Convocare un collegio dei docenti durante le vacanze pasquali significa chiedere a professionisti, che hanno programmato il proprio periodo di riposo, di rientrare a scuola in un momento che il calendario scolastico ha espressamente destinato alla pausa. Molti docenti, soprattutto in regioni come la Sicilia dove non è raro che gli insegnanti risiedano lontano dalla sede di servizio, potrebbero trovarsi fuori sede, con viaggi già organizzati e biglietti acquistati.
C'è poi una dimensione meno tangibile ma altrettanto reale: il clima relazionale all'interno dell'istituto. Una convocazione percepita come evitabile rischia di alimentare tensioni, sfiducia verso la dirigenza e un senso di scarso rispetto per il tempo personale dei docenti. In un contesto già segnato dalla fatica di un anno scolastico in corso, forzare la mano su un periodo di riposo non è mai una scelta neutra.
Le organizzazioni sindacali, pur non contestando in modo netto la legittimità della convocazione, tendono a sottolineare come il principio di buona fede contrattuale imponga al dirigente di contemperare le esigenze organizzative con il diritto al riposo del personale. La convocazione straordinaria durante le vacanze dovrebbe rappresentare l'extrema ratio, non una soluzione di comodo per recuperare una seduta saltata.
Ferie già concesse: il nodo giuridico più delicato
C'è un aspetto che merita particolare attenzione e che potrebbe cambiare radicalmente il quadro. Se alcuni docenti hanno già ottenuto la concessione formale delle ferie per il periodo pasquale, la situazione si complica notevolmente per la dirigenza.
Il diritto alle ferie è tutelato dalla Costituzione italiana (art. 36) e dal CCNL di comparto. Una volta che le ferie sono state autorizzate, la loro revoca unilaterale da parte del datore di lavoro è possibile solo in casi eccezionali e con adeguata motivazione. Il docente che si veda revocare le ferie per partecipare a un collegio straordinario potrebbe legittimamente contestare la decisione, soprattutto se riesce a dimostrare di aver sostenuto spese o assunto impegni sulla base dell'autorizzazione ricevuta.

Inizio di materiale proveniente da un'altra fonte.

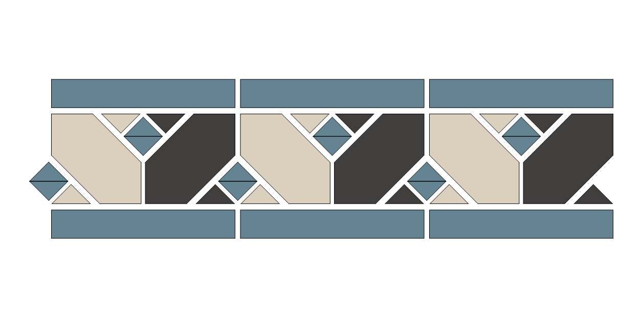 Бренд TopCer Коллекция York Цвет бежевый, синий, чёрный Страна Португалия Поверхность матовая Помещение для ванной, для гостиной, для дачи, для дома, для кухни Назначение на пол, на стену Форма прямоугольная Рисунок геометрия, метлахский Размер 12.2x42.2 Толщина, мм 8 -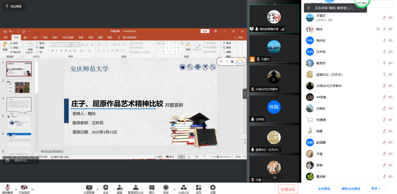 3月11日下午,suncitygroup太阳成集团中国古代文学学科线上举行研究生学位论文开题报告和中期考核汇报会。参与会议的老师有汪祚民教授、梅向东教授、汪孔丰教授、胡祥云教授、童岳敏教授、熊言安副教授、方盛汉副教授。本次会议由汪孔丰教授主持,中国古代文学方向20级硕士研究生参加开题答辩,19级硕士研究生参加中期考核,21级硕士研究生旁听本次会议。

In questo scenario, il dirigente scolastico dovrebbe quantomeno:
- Verificare la posizione di ciascun docente rispetto alle ferie
- Valutare la possibilità di modalità alternative, come la partecipazione da remoto per chi si trova impossibilitato a rientrare
- Documentare in modo puntuale le ragioni dell'urgenza, a tutela dell'istituto e della propria posizione
La questione, insomma, resta aperta. La legittimità formale della convocazione non è in discussione in termini assoluti, ma le circostanze concrete di questo caso, tra sedute annullate, ferie concesse e tempi che si sarebbero potuti gestire diversamente, rendono la scelta della dirigenza quantomeno discutibile sotto il profilo dell'opportunità. E nelle scuole, come in tutte le organizzazioni complesse, il modo in cui si esercita un potere conta quasi quanto il potere stesso.